Master GPU-accelerated data science with this NVIDIA DLI curriculum delivered by Koenig Original. This course provides essential training for professionals managing high-performance workloads, mirroring the infrastructure management skills found in AZ-104 training. You will learn to optimize Azure compute, Azure storage, and Azure networking configurations to support NVIDIA RAPIDS workflows. By leveraging GPU-accelerated data pipelines, you will reduce iteration times and improve model performance. This expert-led program ensures you gain the technical proficiency required to deploy scalable, efficient data science solutions within modern cloud environments, effectively bridging the gap between infrastructure administration and advanced analytics.

Lab Environment

Students engage with cuDF, cuML, cuGraph, and XGBoost within a cloud-based, GPU-accelerated lab environment. Hands-on labs focus on building end-to-end workflows, including accelerating data preprocessing, training machine learning models, and performing graph analytics at scale. All labs are conducted on fully configured NVIDIA DLI servers, ensuring immediate access to high-performance computing resources.
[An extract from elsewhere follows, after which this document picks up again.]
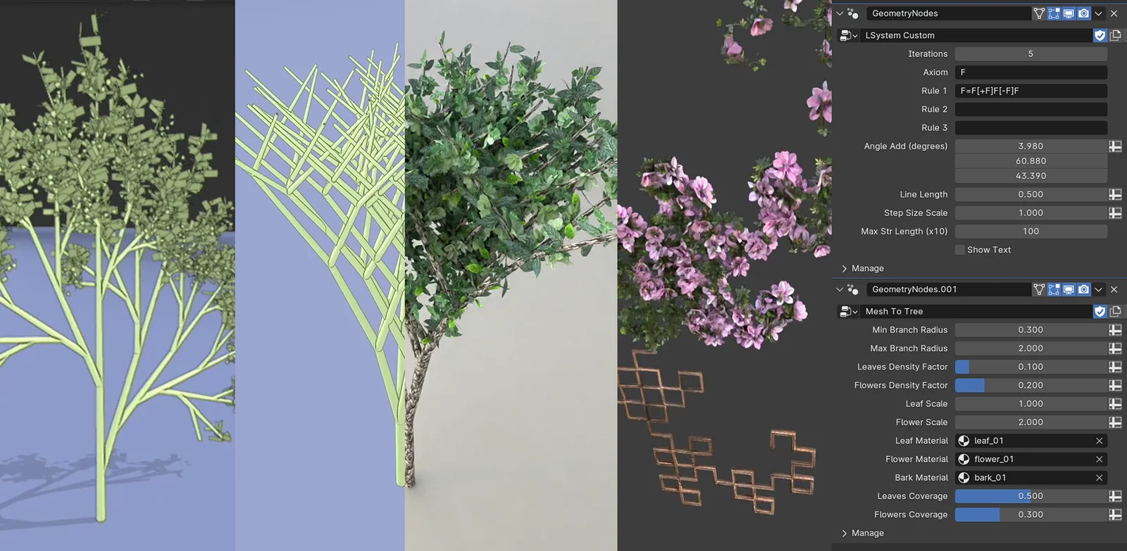 The setup operates through geometry node modifiers applied to any mesh object. Users can define custom logic with the core system or utilize included preset modifiers that immediately output recognizable shapes. Parameters such as iteration count and step size allow for quick variation, though heavy iterations will naturally impact processing performance.

This setup allows learners to focus on implementation and optimization without infrastructure delays, utilizing official NVIDIA DLI curriculum materials to ensure industry-standard best practices throughout the learning process.

What You'll Learn

Implement GPU-accelerated data preparation using NVIDIA cuDF to reduce data processing time by up to 50x in Accelerating End-to-End Data Science Workflows by Koenig Original.
Apply XGBoost and cuML algorithms to achieve a 10x to 100x increase in machine learning model training speed compared to CPU-based workflows.
Execute complex graph analysis using RAPIDS cuGraph to decrease computation latency for large-scale network datasets by at least 80%.
Optimize end-to-end data science pipelines using Apache Arrow to reduce data serialization and transfer overhead by 40%.
Deploy GPU-accelerated interactive visualizations with cuXFilter to maintain sub-second response times for dashboards containing millions of data points.
Manage integrated data science pipelines on the Koenig Original platform to improve overall workflow throughput and reduce time-to-insight by 60%.

Skills You'll Gain

cuDF DataFrames Apache Arrow GPU-Accelerated Data Preparation XGBoost cuML Algorithms KNN Classification DBSCAN Clustering Logistic Regression cuGraph Analytics Single-Source Shortest Path cuXFilter Visualization RAPIDS Libraries GPU-Accelerated Machine Learning NVIDIA RAPIDS End-to-End Data Science Workflows GPU Data Science Large-Scale Data Analysis

Prerequisites

Recommended knowledge before taking this course
  • Experience with Python programming language is essential for mastering the Accelerating End-to-End Data Science Workflows course by Koenig Original, a leading provider of data science training. Familiarity with the pandas library and DataFrame operations helps streamline data analysis tasks, making your workflows more efficient. A working knowledge of the scikit-learn machine learning library enables you to build and evaluate models effectively. Understanding GPU-accelerated computing concepts allows you to leverage hardware for faster data processing. Experience with data manipulation using NumPy arrays is crucial for handling large datasets efficiently. Basic understanding of the Apache Arrow memory format ensures optimal data interchange between systems. This prerequisites list is designed to prepare learners for advanced data science techniques, helping you gain the skills to accelerate your data workflows and solve complex problems faster. With over 10 years of training expertise, Koenig Original ensures you gain practical, industry-ready skills that can transform your data science career.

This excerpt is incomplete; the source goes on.